Shareholders have also begun voicing complaints about Alphabet’s “comparatively lackluster” shareholder outreach program, explained Lauren Compere, Director of Shareholder Engagement at Boston Common Asset Management.

Good corporate governance – and illustrations of that governance – often comes from a company’s openness to shareholder concerns through productive dialogue. Unfortunately, we haven’t seen a willingness by Alphabet management to listen to shareholders when we have engaged individually, or as investor coalitions. Boston Common co-filed this year to show Alphabet that as long-term shareholders, we’re serious about engaging with company management.

“We need to have management’s interest in the firm linked to what’s actually best for the firm.” McRitchie explained.

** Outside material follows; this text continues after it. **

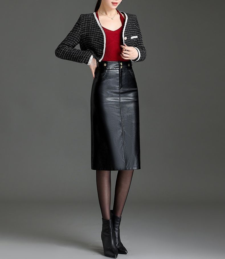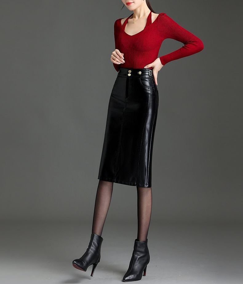 上質な合成皮革を使用したエレガントなタイトスカートです。

Even our 10-K has to list insider control as a risk to the business.  The essential principle of capitalism is that, in return for their investments, shareholders elect directors to represent their interests. That cannot happen as long as Mr. Brin and Mr. Page control 51% of the vote. Year after year, shareholders have spoken. We’re waiting for management to listen. When will Alphabet embrace democracy as a core value?

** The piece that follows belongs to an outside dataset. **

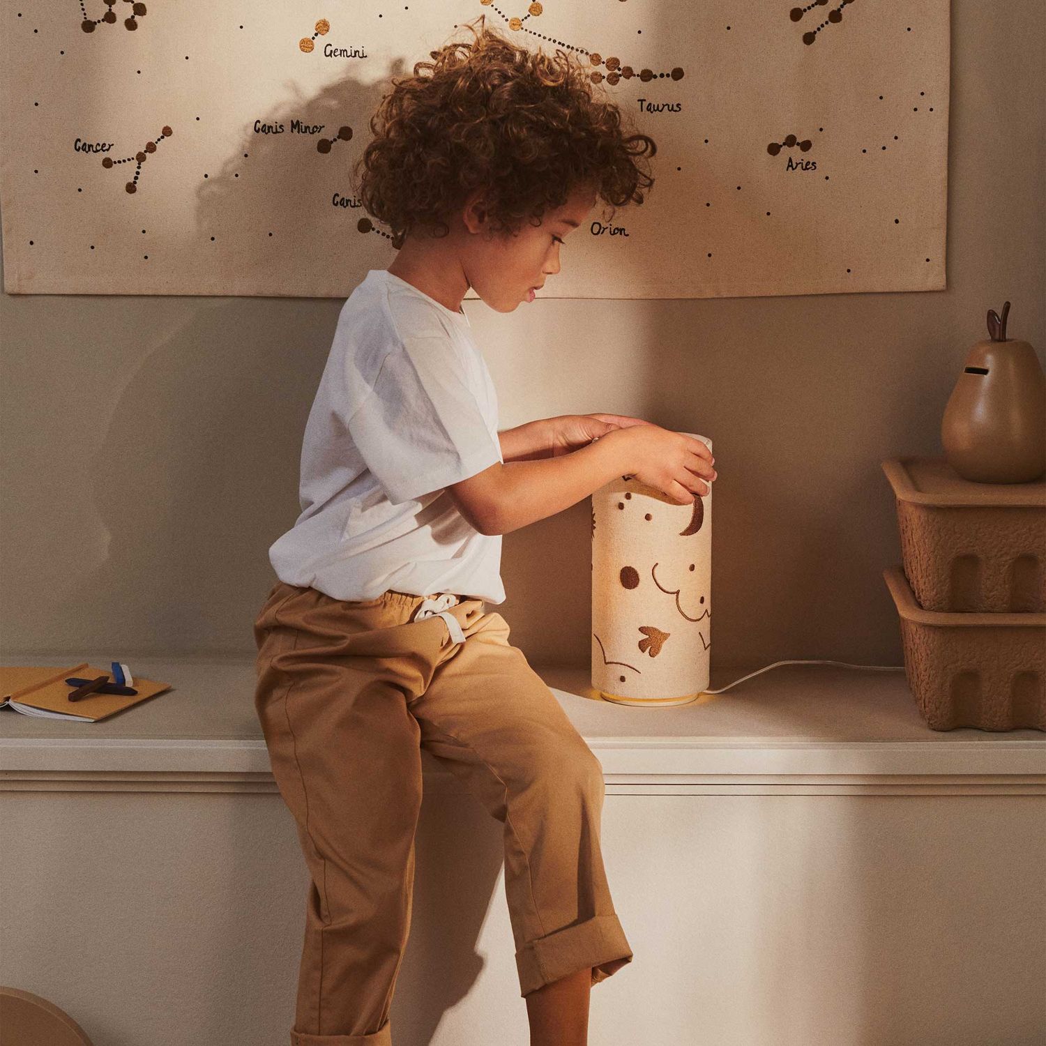 Die Ferm Living - Skye Tischlampe ist eine stimmungsvolle Kinderleuchte für Kinderzimmer oder Spielbereiche. Mit ihrem Leinenschirm und dem warmen Licht schafft die Ferm Living - Skye Tischlampe eine angenehme Atmosphäre im Alltag.

See how several funds have voted below, as reported by ProxyDemocracy.org. Note that all are voting for our Proposal #6 Approve Recapitalization Plan for all Stock to Have One-vote per Share. Of course, none of the other shareholder proposals will go anywhere until dictatorial control of Alphabet is yielded by Mr. Brin, Mr. Page, and Chairman Eric Schmidt.

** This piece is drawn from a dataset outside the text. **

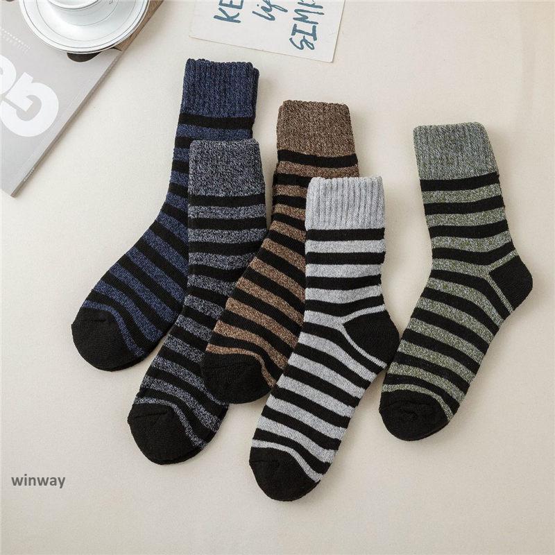 靴下 ソックス メンズ 5足セット 暖かい クルーソックス 秋冬 ルームソックス スポーツ ストライプ 男性 抗菌防臭 靴下

# PROPOSAL TEXT MGMT TRILLIUM CBIS CALVERT 
1.1 Elect Director Larry Page For Withhold For For
1.2 Elect Director Sergey Brin For Withhold For For
1.3 Elect Director Eric E. Schmidt For Withhold For For
1.4 Elect Director L. John Doerr For Withhold Withhold Withhold
1.5 Elect Director Roger W. Ferguson, Jr. For Withhold For For
1.6 Elect Director Diane B. Greene For Withhold For For
1.7 Elect Director John L. Hennessy For Withhold For For
1.8 Elect Director Ann Mather For Withhold Withhold Withhold
1.9 Elect Director Alan R. Mulally For Withhold For For
1.10 Elect Director Paul S. Otellini For Withhold Withhold Withhold
1.11 Elect Director K. Ram Shriram For Withhold Withhold Withhold
1.12 Elect Director Shirley M. Tilghman For Withhold For For
2 Ratify Ernst & Young LLP as Auditors For For Against For
3 Amend Omnibus Stock Plan For Against Against Against
4 Advisory Vote to Ratify Named Executive Officers’ Compensation For Against Against Against
5 Advisory Vote on Say on Pay Frequency Three Years One Year One Year One Year
6 Approve Recapitalization Plan for all Stock to Have One-vote per Share Against For For For
7 Report on Lobbying Payments and Policy Against For For For
8 Report on Political Contributions Against For For For
9 Report on Gender Pay Gap Against For For For
10 Report on Charitable Contributions Against Against Against Against
11 Adopt Holy Land Principles Against Abstain For Abstain
12 Report on Fake News Against For For For

NorthStar Asset Management, Inc. is a wealth management company based in Boston with a focus on socially responsible investing.  At NorthStar, creative shareholder engagement is a positive force for change.

Since 1995, James McRitchie has published Corporate Governance (CorpGov.net), an online resource for news, commentary and transformation. He is long-time advocate of more democratic and sustainable corporations.

Boston Common Asset Management is an experienced investment manager that specializes in sustainable and responsible global equity strategies and manages over $2 billion on behalf of institutional and individual investors.